Supports insertion and access ordered eviction policies (FIFO, LRU, and Second Chance).
You can use a ConcurrentSkipListMap, only available in Java SE/EE 6 or later. It is order presevering in that keys are sorted according to their natural ordering. You need to have a Comparator or make the keys Comparable objects. In order to mimik a linked hash map behavior (iteration order is the order in time in which entries were added) I implemented my key objects to always compare to be greater than a given other object unless it is equal (whatever that is for your object).
A wrapped synchronized linked hash map did not suffice because as stated in
http://www.ibm.com/developerworks/java/library/j-jtp07233.html: "The synchronized collections wrappers, synchronizedMap and synchronizedList, are sometimes called conditionally thread-safe -- all individual operations are thread-safe, but sequences of operations where the control flow depends on the results of previous operations may be subject to data races. The first snippet in Listing 1 shows the common put-if-absent idiom -- if an entry does not already exist in the Map, add it. Unfortunately, as written, it is possible for another thread to insert a value with the same key between the time the containsKey() method returns and the time the put() method is called. If you want to ensure exactly-once insertion, you need to wrap the pair of statements with a synchronized block that synchronizes on the Map m."
So what only helps is a ConcurrentSkipListMap which is 3-5 times slower than a normal ConcurrentHashMap.
Collections.synchronizedMap(new LinkedHashMap())
Since the ConcurrentHashMap offers a few important extra methods that are not in the Map interface, simply wrapping a LinkedHashMap with a synchronizedMap won't give you the same functionality, in particular, they won't give you anything like the putIfAbsent(), replace(key, oldValue, newValue) and remove(key, oldValue) methods which make the ConcurrentHashMap so useful.
Unless there's some apache library that has implemented what you want, you'll probably have to use a LinkedHashMap and provide suitable synchronized{} blocks of your own.
I just tried synchronized bounded LRU Map based on insertion order LinkedConcurrentHashMap; with Read/Write Lock for synchronization.
So when you are using iterator; you have to acquire WriteLock to avoid ConcurrentModificationException.

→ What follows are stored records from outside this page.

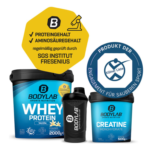 Muskelaufbau Deal Bodylab24. Whey Protein von Bodylab24 – unser absoluter Topseller im Geschmack Vanille Das Beste der Milch in Deinem Shaker – jetzt auch im Protein- und Aminosäuregehalt wissenschaftlich vom SGS INSTITUT FRESENIUS bestätigt. Hochwertigstes Whey Protein (Molkenprotein) von Bodylab versorgt Dich mit wichtigen Eiweißbausteinen, den Aminosäuren. Whey ist dabei ein ideales Proteinprodukt zur Nutzung direkt im Anschluss an eine körperliche Belastung, z.B. nach einem intensiven Kraft- oder Ausdauertraining. Die Proteinsynthese wird angeregt, die Regeneration unterstützt, Dein Körper erhält wichtige Eiweißbausteine zum Muskelaufbau und kann so langfristig kräftiger werden. Auch ideal zur Verwendung am Morgen, wenn der Körper ebenfalls schnell verfügbares Protein für seine Muskeln benötigt. Deine Vorteile: – leckerer, natürlicher Geschmack – bioaktives, ultrafiltriertes Whey – enthält alle Proteinfraktionen vollständig – hohe biologische Verfügbarkeit – keine unnötigen Zusatzstoffe – ohne Aspartam – geprüfte Qualität Creatine Powder von Bodylab24 – einige Infos zum Produkt: Creatine (auch Kreatin bzw. Creatin) zählt zu unseren absoluten Bestseller-Produkten und ist auch allgemein eines der beliebtesten Sport-Supplements, wenn die allgemeine Kraft- und Leistungsfähigkeit gesteigert werden soll.Es ist eine Verbindung aus den Aminosäuren Arginin, Glycin und Methionin und trägt zur Versorgung der Muskeln mit Energie bei. Zahlreiche Tests zur Wirkung von Creatine belegen die Möglichkeiten zur Leistungssteigerung durch eine gezielte Creatine-Einnahme und die Europäische Behörde für Lebensmittelsicherheit (EFSA) hat in einer Erklärung für Kreatin folgende Wirkungsweise offiziell anerkannt:“3g Creatine pro Tag erhöhen die körperliche Leistung bei Schnellkrafttraining im Rahmen kurzzeitiger intensiver körperlicher Betätigung“. Creatine ist nicht für Kinder und Jugendliche unter 18 Jahren geeignet. Die sichere Unterstützung für Dein Training – Whey Protein Vanille und Creatine Powder Unser Whey Portein Vanille wird regelmäßig als einziges Whey Protein in Deutschland vom bekannten SGS INSTITUT FRESENIUS hinsichtlich Protein- und Aminosäuregehalt überprüft. Unser Creatine Powder, aus 100% mikronisiertem Kreatinmonohydrat, ist jetzt auf der Kölner Liste geführt und enthält die Erfolgsformel für Energie, Kraft und Muskelaufbau. Die „Kölner Liste® führt Nahrungsergänzungsmittel (NEM) mit minimiertem Dopingrisiko“.Den Bodylab Shaker gibts on TOP.Die ideale Kombination für alle Athleten! Egal ob Profi oder Anfänger.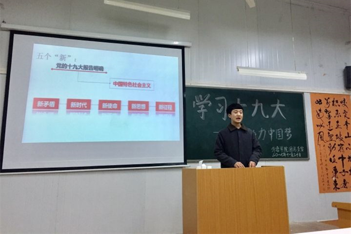 为了学习和贯彻党的重大政策方针,贯彻好、学习好、理解好十九大的精神。按照外语学院团总支的安排,11月30日晚,2015级、2016级和2017级学生分别在6405教室、6407教室、6408教室,开展“学习十九大,青春助力中国梦”主题活动。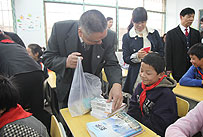 在本次捐贈儀式正式開始之前,還有一個特別溫暖、快樂的互動環(huán)節(jié),60名湘鄉(xiāng)地區(qū)的經(jīng)銷商們,在得知能參與本次愛心活動之后,熱情地準備了書籍、籃球、羽毛球、筆記本、彩畫筆等豐富的文體用品。帶著滿腔的關(guān)愛走進教室,跟孩子們交流互動,贈送禮物?!斑@些物品不算貴重,但卻是孩子們需要的,代表了所有綠之韻愛心志愿者的心愿,希望孩子們知道,有很多人在關(guān)心著他們、牽掛著他們。”參與活動的經(jīng)銷商代表傅建華說。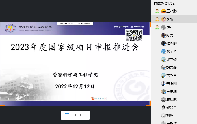 公司科研骨干教师就目前申报国家自科、社科项目的选题思路、选题背景、理论基础、课题论证和与国家战略的结合点几个方面进行了汇报,也谈了在团队组建等方面存在的问题。祁红梅分别对各位教师申报项目存在的不足进行了剖析和指导。她指出在课题申报中:一是要精心打磨选题,选题要结合最新研究前沿并契合二十大的发展战略和重大需求;二是要注重研究基础,积累科研成果,搭好研究框架,整合研究方向;三是要聚拢优势,从内部寻找资源,跨学科整合团队,形成研究梯队,发挥团队力量。

This is better than Collections.synchronizedMap.
public class LinkedConcurrentHashMap<K, V> {
private LinkedHashMap<K, V> linkedHashMap = null;
private final int cacheSize;
private ReadWriteLock readWriteLock = null;
public LinkedConcurrentHashMap(LinkedHashMap<K, V> psCacheMap, int size) {
this.linkedHashMap = psCacheMap;
cacheSize = size;
readWriteLock=new ReentrantReadWriteLock();
}
public void put(K key, V value) throws SQLException{
Lock writeLock=readWriteLock.writeLock();
try{
writeLock.lock();
if(linkedHashMap.size() >= cacheSize && cacheSize > 0){
K oldAgedKey = linkedHashMap.keySet().iterator().next();
remove(oldAgedKey);
}
linkedHashMap.put(key, value);
}finally{
writeLock.unlock();
}
}
public V get(K key){
Lock readLock=readWriteLock.readLock();
try{
readLock.lock();
return linkedHashMap.get(key);
}finally{
readLock.unlock();
}
}
public boolean containsKey(K key){
Lock readLock=readWriteLock.readLock();
try{
readLock.lock();
return linkedHashMap.containsKey(key);
}finally{
readLock.unlock();
}
}
public V remove(K key){
Lock writeLock=readWriteLock.writeLock();
try{
writeLock.lock();
return linkedHashMap.remove(key);
}finally{
writeLock.unlock();
}
}
public ReadWriteLock getLock(){
return readWriteLock;
}
public Set<Map.Entry<K, V>> entrySet(){
return linkedHashMap.entrySet();
}
}
The answer is pretty much no, there's nothing equivalent to a ConcurrentHashMap that is sorted (like the LinkedHashMap). As other people pointed out, you can wrap your collection using Collections.synchronizedMap(-yourmap-) however this will not give you the same level of fine grained locking. It will simply block the entire map on every operation.
Your best bet is to either use synchronized around any access to the map (where it matters, of course. You may not care about dirty reads, for example) or to write a wrapper around the map that determines when it should or should not lock.
How about this.
Take your favourite open-source concurrent HashMap implementation. Sadly it can't be Java's ConcurrentHashMap as it's basically impossible to copy and modify that due to huge numbers of package-private stuff. (Why do the Java authors always do that?)
Add a ConcurrentLinkedDeque field.
Modify all of the put methods so that if an insertion is successful the Entry is added to the end of the deque. Modify all of the remove methods so that any removed entries are also removed from the deque. Where a put method replaces the existing value, we don't have to do anything to the deque.
Change all iterator/spliterator methods so that they delegate to the deque.
There's no guarantee that the deque and the map have exactly the same contents at all times, but concurrent hash maps don't make those sort of promises anyway.
Removal won't be super fast (have to scan the deque). But most maps are never (or very rarely) asked to remove entries anyway.
You could also achieve this by extending ConcurrentHashMap, or decorating it (decorator pattern).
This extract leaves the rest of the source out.